Content starts

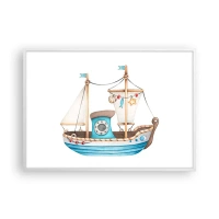 Poster in einem schwarzem Rahmen - Abbildung eines Schiffes in Pastellfarben auf weißem Hintergrund - 100x70cm - Ahoi, Abenteuer! - Moderne Wanddekoration für Wohnzimmer und Schlafzimmer ARTTOR
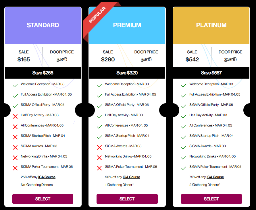 | Platinum | Полный VIP-доступ ко всем мероприятиям саммита, включая: церемонию SiGMA Awards, все нетворкинг-ужины, вечеринку SiGMA Official Celebration. | $542 | $1099 |
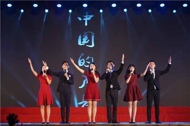 配乐诗朗诵《中国的声音》通过讴歌老一辈传媒人的事迹,表达了作为当代大学生要传播中国好声音,讲好中国故事的坚定决心。歌曲联唱 《中国军魂、向往、不忘初心、唱出我们的力量》表达了广大师生坚定爱国主义理想,不忘初心,矢志前行的信念。徐杰老师的男高音独唱《举杯吧朋友》、《西部放歌》激情四射,动人心魄,将全场观众的情绪再次推向高潮。
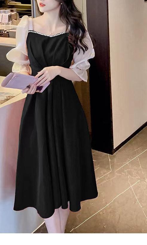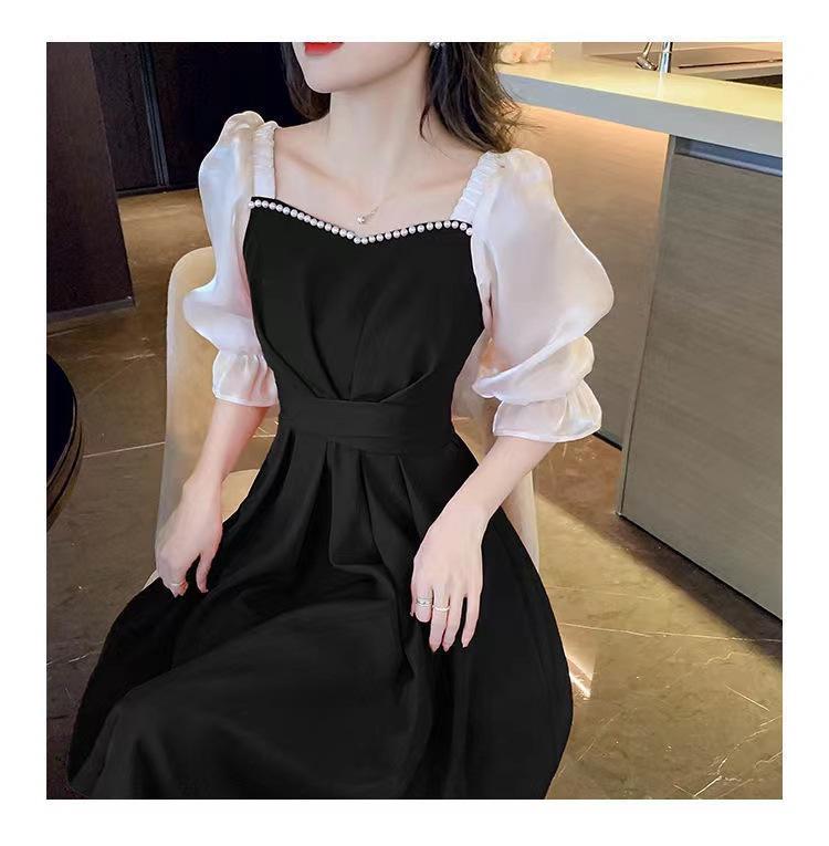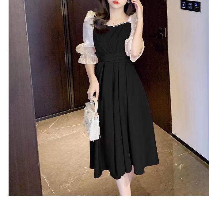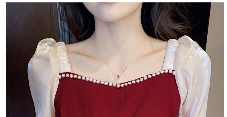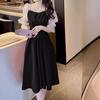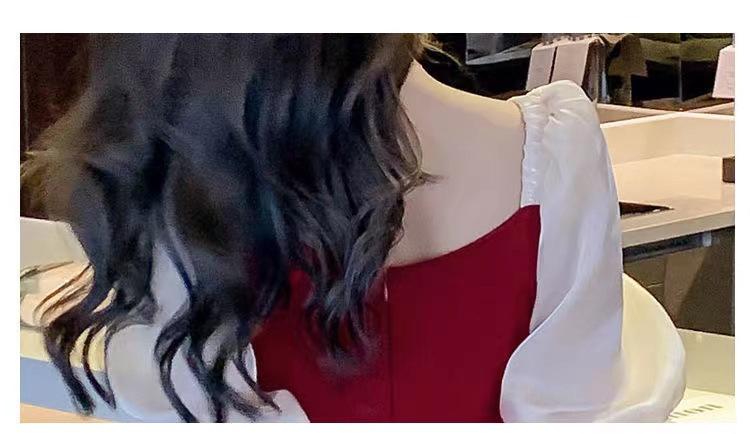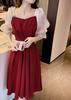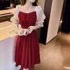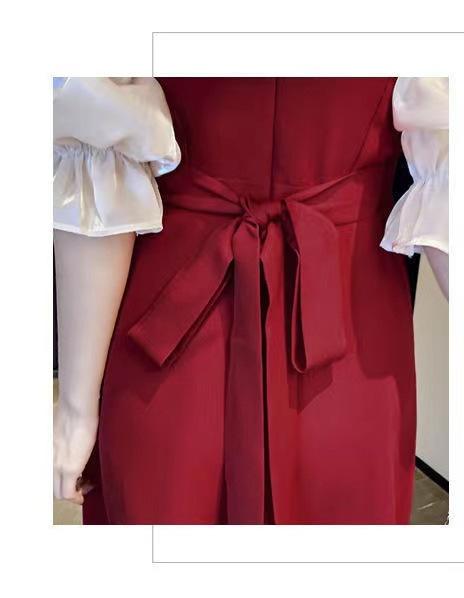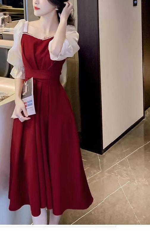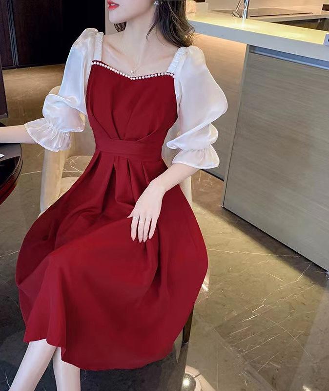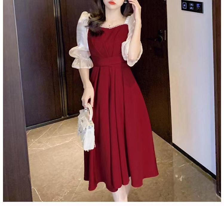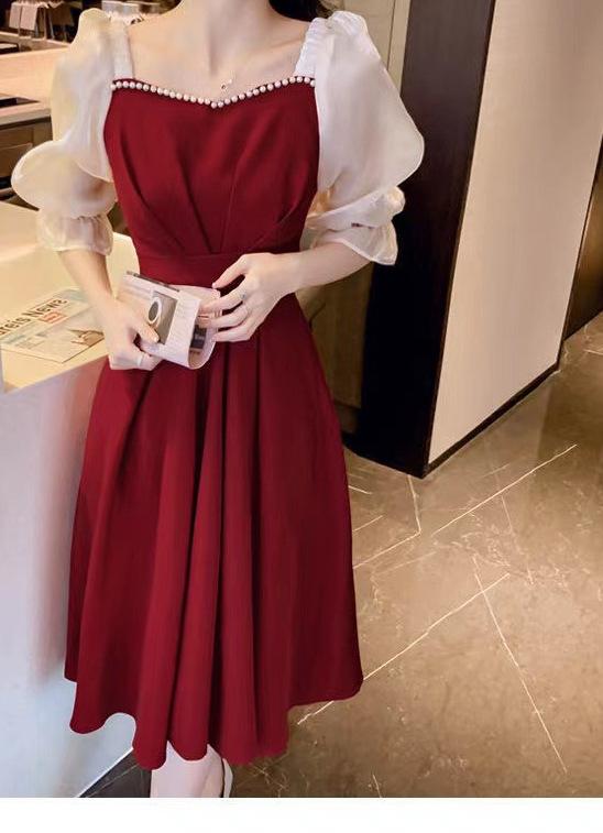 Vestido rojo dulce estilo francés para mujer manga media 2024 Verano nuevo adelgazante de cintura vestido midi falda línea A

Content ends

→ TASK DIRECTIONS
Write the listing above out again exactly, but not the images it holds.

→ RESPONSE BOX
 Poster in einem schwarzem Rahmen - Abbildung eines Schiffes in Pastellfarben auf weißem Hintergrund - 100x70cm - Ahoi, Abenteuer! - Moderne Wanddekoration für Wohnzimmer und Schlafzimmer ARTTOR
 | Platinum | Полный VIP-доступ ко всем мероприятиям саммита, включая: церемонию SiGMA Awards, все нетворкинг-ужины, вечеринку SiGMA Official Celebration. | $542 | $1099 |
 配乐诗朗诵《中国的声音》通过讴歌老一辈传媒人的事迹,表达了作为当代大学生要传播中国好声音,讲好中国故事的坚定决心。歌曲联唱 《中国军魂、向往、不忘初心、唱出我们的力量》表达了广大师生坚定爱国主义理想,不忘初心,矢志前行的信念。徐杰老师的男高音独唱《举杯吧朋友》、《西部放歌》激情四射,动人心魄,将全场观众的情绪再次推向高潮。
 Vestido rojo dulce estilo francés para mujer manga media 2024 Verano nuevo adelgazante de cintura vestido midi falda línea A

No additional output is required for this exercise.